Task description:
When writing out the listing below, reproduce every word exactly and skip the pictures.

Source data:
○ ○ ○
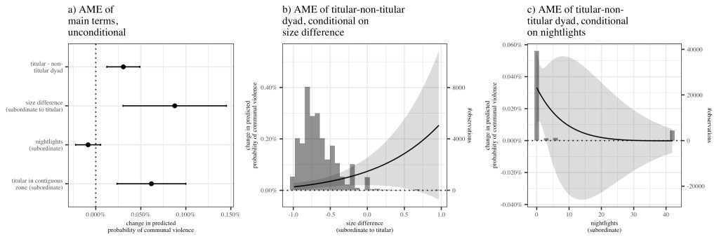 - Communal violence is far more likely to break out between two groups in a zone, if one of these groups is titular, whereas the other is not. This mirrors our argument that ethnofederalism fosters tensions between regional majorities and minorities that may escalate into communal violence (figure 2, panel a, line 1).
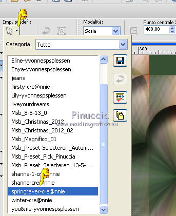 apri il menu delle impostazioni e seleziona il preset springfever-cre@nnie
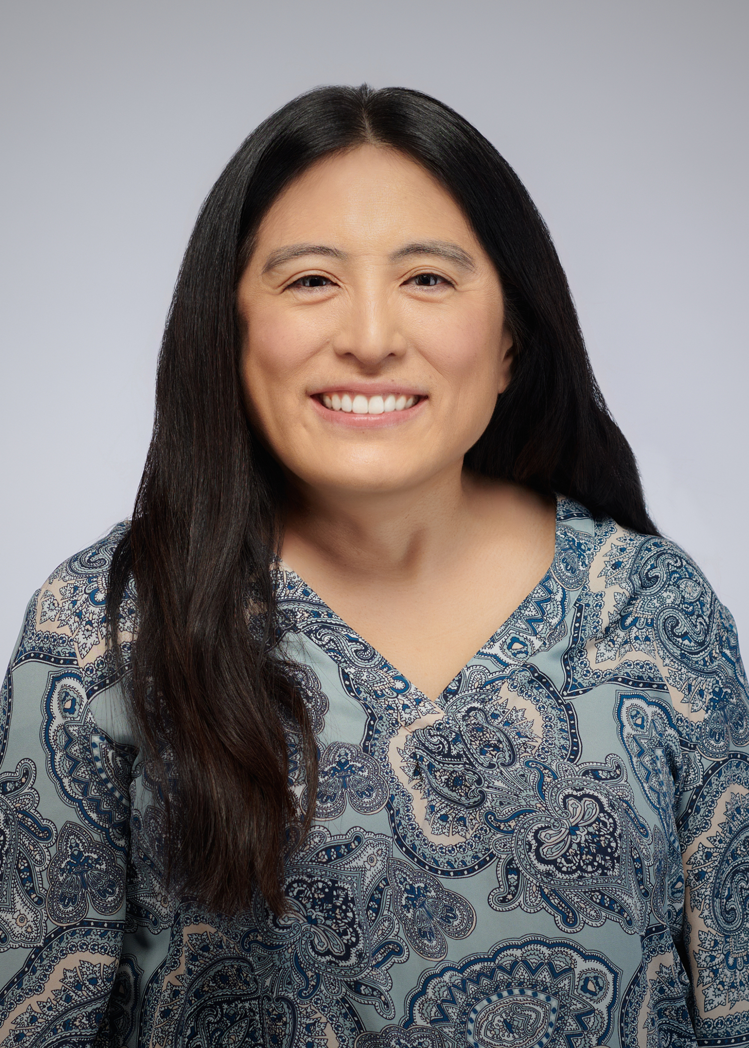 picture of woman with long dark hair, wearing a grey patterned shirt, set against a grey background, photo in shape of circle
○ ○ ○
The answer:
 - Communal violence is far more likely to break out between two groups in a zone, if one of these groups is titular, whereas the other is not. This mirrors our argument that ethnofederalism fosters tensions between regional majorities and minorities that may escalate into communal violence (figure 2, panel a, line 1).
 apri il menu delle impostazioni e seleziona il preset springfever-cre@nnie
 picture of woman with long dark hair, wearing a grey patterned shirt, set against a grey background, photo in shape of circle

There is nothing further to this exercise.